15 maja – Światowy Dzień Chorych na Mukopolisacharydozę i Choroby Rzadkie

Renata Kołton

Fot. Pixabay.com

W Polsce mukopolisacharydozę zdiagnozowano u około 250 pacjentów. Schorzenie to występuje mniej więcej raz na około 42 000 urodzeń. Konrad choruje na mukopolisacharydozę typu II (Huntera). Sandra jest jedną z dwóch osób w Polsce cierpiących na mukopolisacharydozę typu IV B (Morquio). U Kingi stwierdzono mukopolisacharydozę typu III (Sanfilippo).

Mukopolisacharydoza

Sandra urodziła się jako zdrowe dziecko. Konrad po urodzeniu ważył 4600 g, mierzył 60 cm wzrostu, otrzymał 10 punktów w skali Apgar, maksymalną ocenę stanu zdrowia, jaką mogą uzyskać noworodki. Kinga do 3. roku życia rozwijała się bardzo dobrze. Tak zaczynają się historie wielu podopiecznych Stowarzyszenia Chorych na Mukopolisacharydozę i Choroby Rzadkie.

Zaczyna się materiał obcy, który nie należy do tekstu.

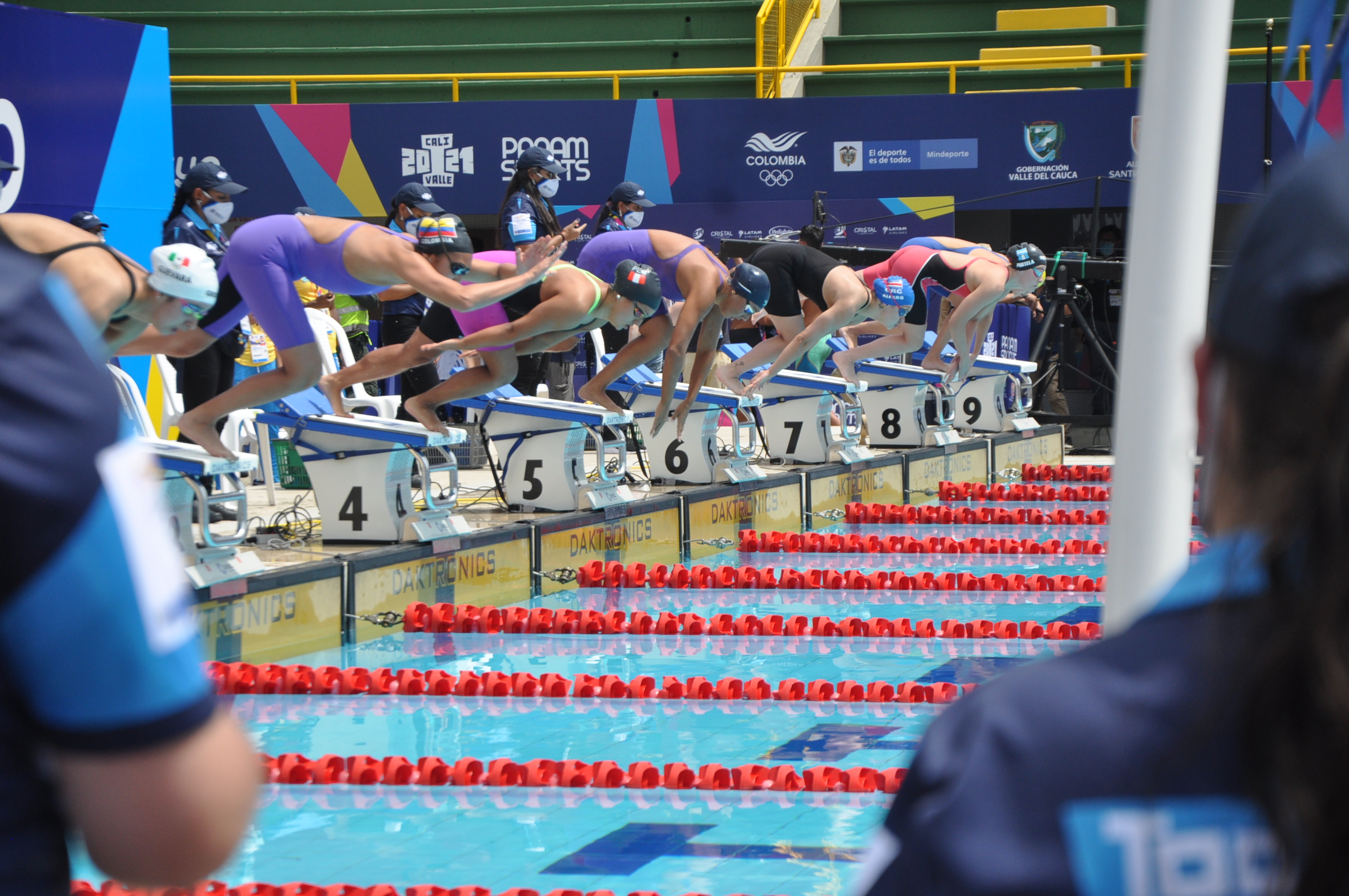 En la fotografía observamos a las participantes realizando el clavado para iniciar la competencia de natación de los "I Juegos Panamericanos Junior" llevados a cabo en la ciudad de Cali.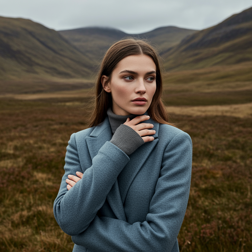 A woman standing gracefully in a sprawling field, exuding an aura of effortless sophistication in the style of an outdoor fashion shoot. Natural light bathes the scenery, highlighting her features against the backdrop of majestic Scottish landscapes. She wears a palette of rich light navy and deep brown, echoing the subtle elegance of Georg Jensen's designs. The camera, a Sony A7III, captures intense close-ups that reveal the intricate details of her expression and attire, creating an immersive, storytelling visual narrative. The aspect ratio, slightly altered to enhance the visual drama, frames her within the wild beauty of the open terrain.

Mukopolisacharydozy to uwarunkowane genetycznie rzadkie choroby metaboliczne. Wstępnie rozpoznaje się je najczęściej u dzieci między 18. a 36. miesiącem życia. W wyniku nadmiernego gromadzenia się w komórkach sacharydów u dzieci dochodzi do uszkodzenia narządów.

- Organizm każdego z nas produkuje wiele związków, w tym mukopolisacharydy, które wykorzystywane są do budowy czy też regulacji funkcji komórek - tłumaczy dr hab. med. Beata Kieć-Wilk z Katedry i Kliniki Chorób Metabolicznych Szpitala Uniwersyteckiego w Krakowie. - Część tych substancji nie jest jednak wykorzystywana i ulega degradacji. Ich rozpad odbywa się w lizosomach, drobnych strukturach wewnątrzkomórkowych. Za rozłożenie tych związków na prostsze cząsteczki, które mogą być później ponownie wykorzystane w procesach metabolicznych, odpowiadają określone białka zwane enzymami. U pacjentów z tzw. lizosomalnymi chorobami spichrzeniowymi, a do takich należą mukopolisacharydozy, problem polega na tym, że któregoś enzymu brakuje lub jego funkcja jest upośledzona - wyjaśnia specjalistka.

Brak określonego białka powoduje, że przemiana materii zostaje przerwana. Do lizosomów wciąż docierają jednak kolejne cząsteczki mukopolisacharydów. Nierozłożony materiał zaczyna się gromadzić, lizosomy pęcznieją i uszkadzają inne części komórki. Powoduje to zaburzenia w ich funkcjonowaniu. Z czasem uszkodzeniu ulegają tkanki i narządy.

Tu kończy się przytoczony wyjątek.